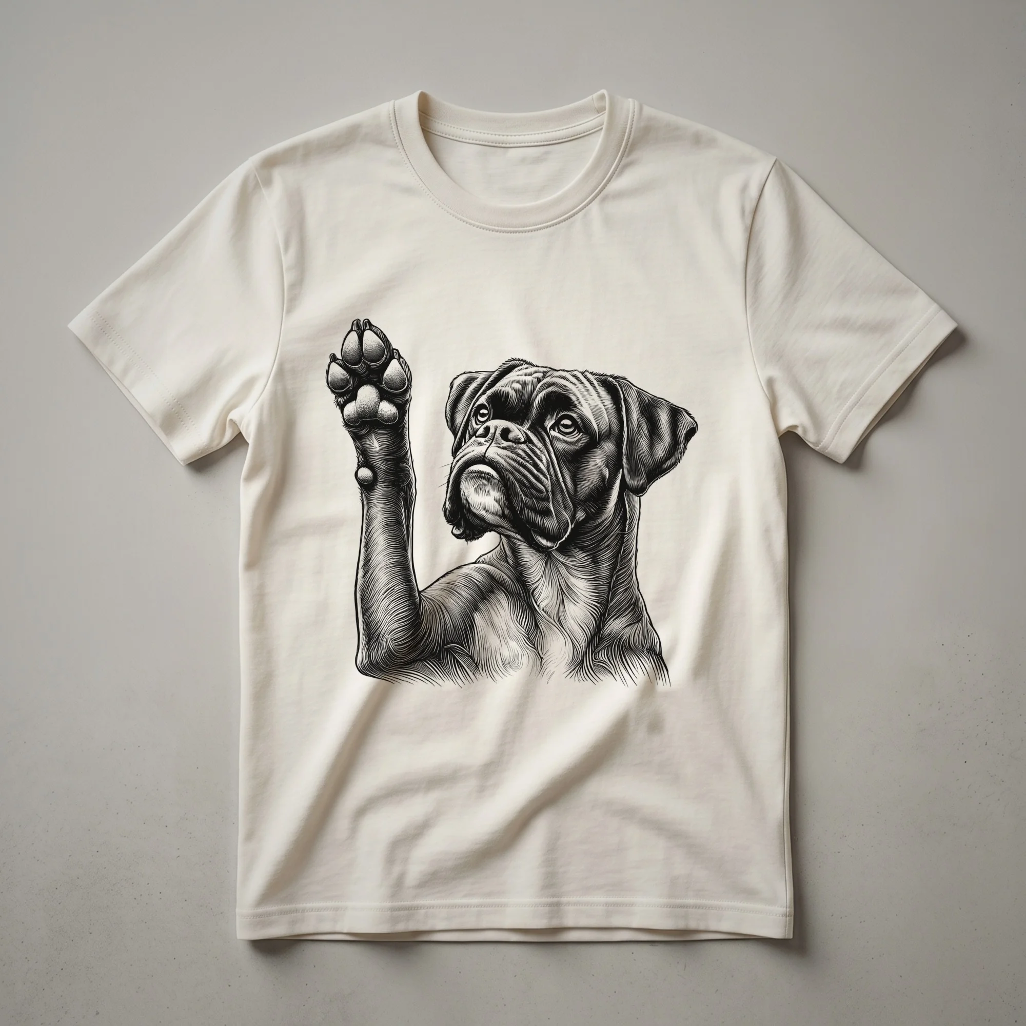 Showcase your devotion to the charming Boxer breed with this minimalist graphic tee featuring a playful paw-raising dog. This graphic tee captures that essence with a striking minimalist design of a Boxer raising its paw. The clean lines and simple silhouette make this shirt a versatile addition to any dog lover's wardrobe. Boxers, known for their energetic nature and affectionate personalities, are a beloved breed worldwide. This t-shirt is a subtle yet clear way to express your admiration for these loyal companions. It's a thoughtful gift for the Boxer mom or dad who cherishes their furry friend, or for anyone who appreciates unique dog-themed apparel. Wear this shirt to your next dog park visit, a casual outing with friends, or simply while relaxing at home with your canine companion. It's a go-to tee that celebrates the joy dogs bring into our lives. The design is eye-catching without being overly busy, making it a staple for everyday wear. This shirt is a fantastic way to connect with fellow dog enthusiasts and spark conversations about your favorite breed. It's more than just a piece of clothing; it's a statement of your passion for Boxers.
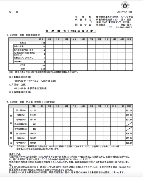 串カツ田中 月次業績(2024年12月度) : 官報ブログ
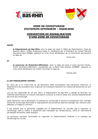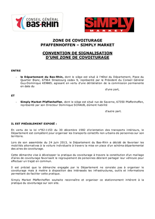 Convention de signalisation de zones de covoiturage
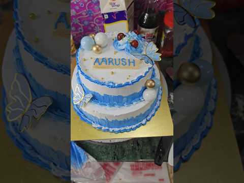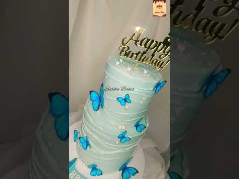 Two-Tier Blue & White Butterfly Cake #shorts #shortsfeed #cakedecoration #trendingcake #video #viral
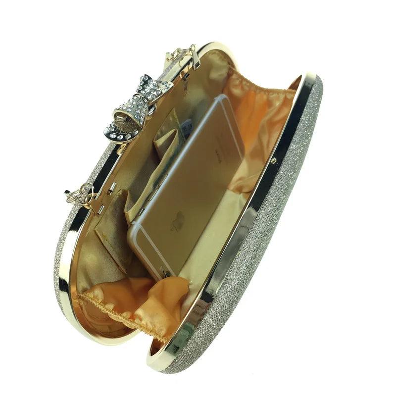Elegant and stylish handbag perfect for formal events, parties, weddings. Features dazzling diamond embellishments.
--
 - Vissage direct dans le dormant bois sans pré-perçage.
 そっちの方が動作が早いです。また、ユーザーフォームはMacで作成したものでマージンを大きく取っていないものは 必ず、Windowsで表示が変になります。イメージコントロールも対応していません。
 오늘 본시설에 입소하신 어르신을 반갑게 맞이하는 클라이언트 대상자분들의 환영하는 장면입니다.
...
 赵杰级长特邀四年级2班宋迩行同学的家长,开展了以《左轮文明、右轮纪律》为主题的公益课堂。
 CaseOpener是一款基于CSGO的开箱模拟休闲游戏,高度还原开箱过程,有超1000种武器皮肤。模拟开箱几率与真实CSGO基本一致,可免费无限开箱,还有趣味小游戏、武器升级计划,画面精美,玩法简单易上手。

→ **What you are asked to do**
Leaving out the pictures, please output the lines in the entries above from the one with "Two-Tier Blue &" through the one with "Elegant and stylish", exactly as they are.

→ **Worked solution**
 Two-Tier Blue & White Butterfly Cake #shorts #shortsfeed #cakedecoration #trendingcake #video #viral
Elegant and stylish handbag perfect for formal events, parties, weddings. Features dazzling diamond embellishments.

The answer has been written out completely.